Carne, quizás de la última matanza y que se guarda en orzas. Éstas, lógicamente muy bien selladas para que los niños, siempre hambrientos, no se coman lo que contienen. Es posible también que de postre coman melón de los que guardaron el verano pasado. Pero eso será siempre y cuando se celebre algo, o los domingos. Lo más seguro es que con el cocido bien repleto de cocino, el pan y el vaso de vino tinto hayan comido.
Y con solo una hora aquí me vienen todos estos recuerdos, que yo algún día escuché en parte de su boca y en parte de la de muchos otros de los ancianos que los vivieron. Cuando doy con la vista un rodeo al salón, me parece estar usurpando restos de vida del que fue el protagonista.
Silencio o murmullo me acompañan como también lo hace el crepitar de la chimenea. Rostros pensativos me rodean; imagino lo que piensan. De tiempo en tiempo un suspiro, a veces una tos. Si esperarlo aparecen caras por la puerta, mudo saludo y continúan pasillo adelante, como fugaces apariciones. A veces pequeñas ancianas vestidas de negro y que me llevan a la memoria visiones de siglos atrás, de un país tétricamente religioso.
Los sigo con la vista hasta que los pierdo en la puerta otra vez, y al momento saludos y condolencias. Han llegado hasta él, pobre testimonio de lo que fue, simple símbolo al que sus allegados veneran. Queda mucha noche, queda mucho que pensar y recordar.
De repente, me invaden los relatos de felices tardes de verano con niños jugando por todas partes. La pobreza forma parte de la vida cotidiana, y la imaginación se ve en la obligación de camuflarla. Conocidos juegos que no necesitan más que de la creación y el campo.

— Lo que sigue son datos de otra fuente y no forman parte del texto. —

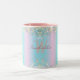 Unicorn Holographic Glitter mug - A trendy sparkling coloured mug with mixed turquoise, pink and mauve and light yellow glitter. You can personalize this mug by adding your name and initials.
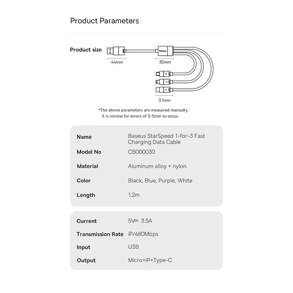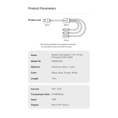 Кабел Baseus StarSpeed USB към M+L+C 3.5A Fast Charging 1.2м - бял
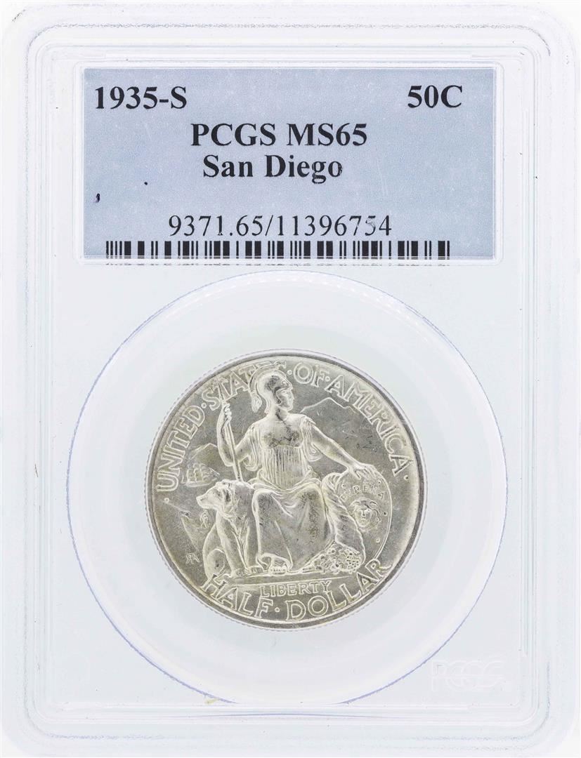 One 1935-S San Diego Commemorative Half Dollar Coin PCGS MS65. PCGS Graded.
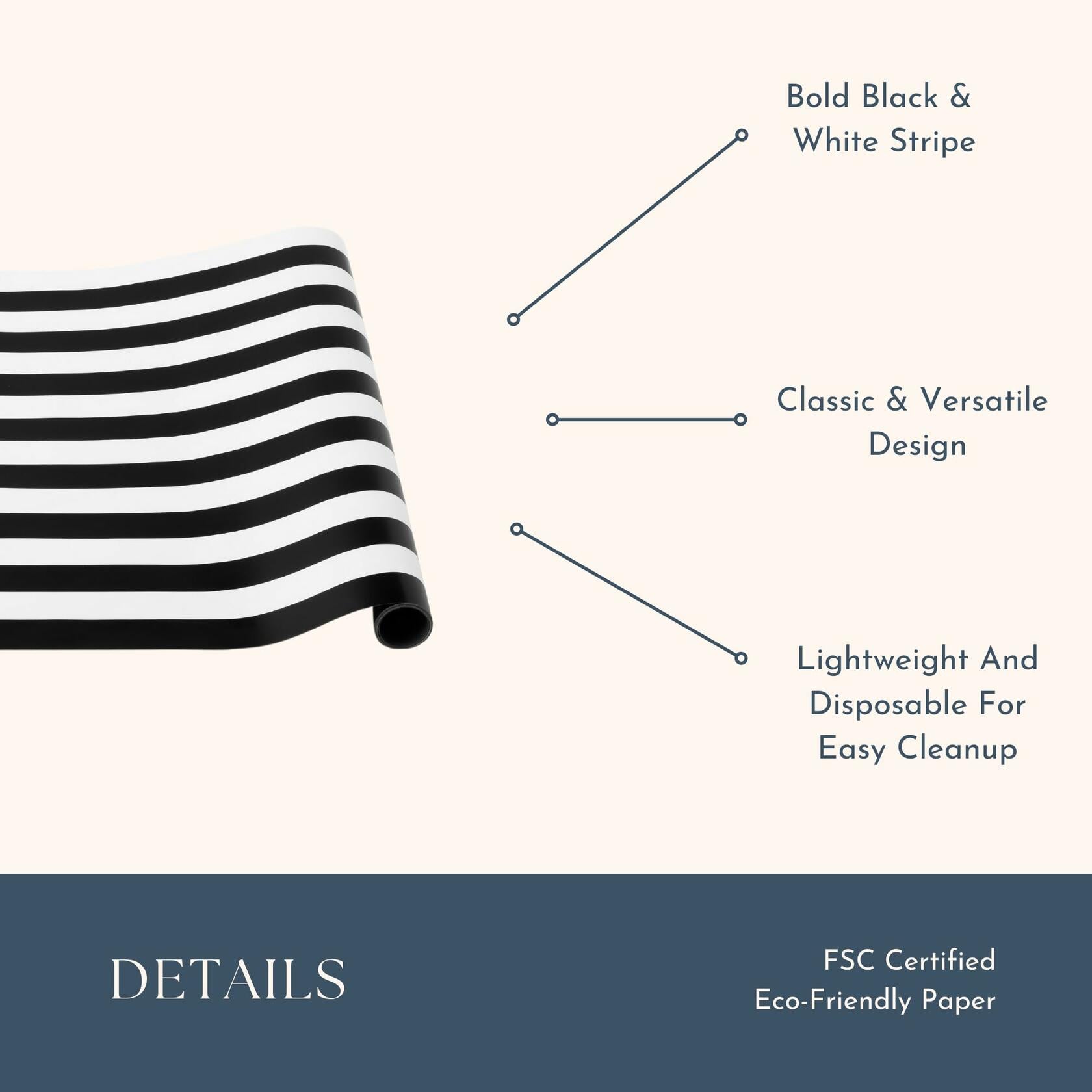 Bonjour Fête Disposable Black & White Table Runner 16x120 Pack of 1

Riachuelos, piedras, plantas… todo esto forma parte del escenario de los juegos del pueblo, donde los padres en raras ocasiones se pueden permitir el comprar un balón a su hijo. Donde pueden darse por dichoso el que tenga una bicicleta y en su caso, la que tenga una muñeca.
El pueblo se podría decir que se divide en dos zonas: una que es la parte baja, cuyos niños van a jugar por el río que corre hacia la vega; la otra parte es la alta y esos niños juegan por el monte y unas eras que hay por aquella ladera.
Normalmente no suelen juntarse, menos cuando se juegan partidos de fútbol que se hacen en una de aquellas explanadas empedradas. Allí se reúnen muchos niños de todo el pueblo, y con un balón hecho de trapo se pasan muchas tardes.
Otro de los casos por los que se juntan es para las guerras. Cada uno es un bando, y sus mejores armas son las piedras. Así, como el suponer, siempre acaba alguien malherido.
También en verano pero a finales de agosto es cuando, tras la recolección de los cereales, deben ir a las eras aunque para trabajar. Aventan el grano, lo lanzan al aire para que caiga separado de la paja. Pero claro, esto sin viento no se puede hacer, así que muchas noches las tienen que pasar durmiendo allí, a fin de que cuando lleguen rachas de viento puedan hacer el trabajo. Esto da lugar a situaciones muy bonitas en las que recuerdan e incluso inventan cuentos bajo un cielo plagado de estrellas y si hace frío, alrededor de una hoguera.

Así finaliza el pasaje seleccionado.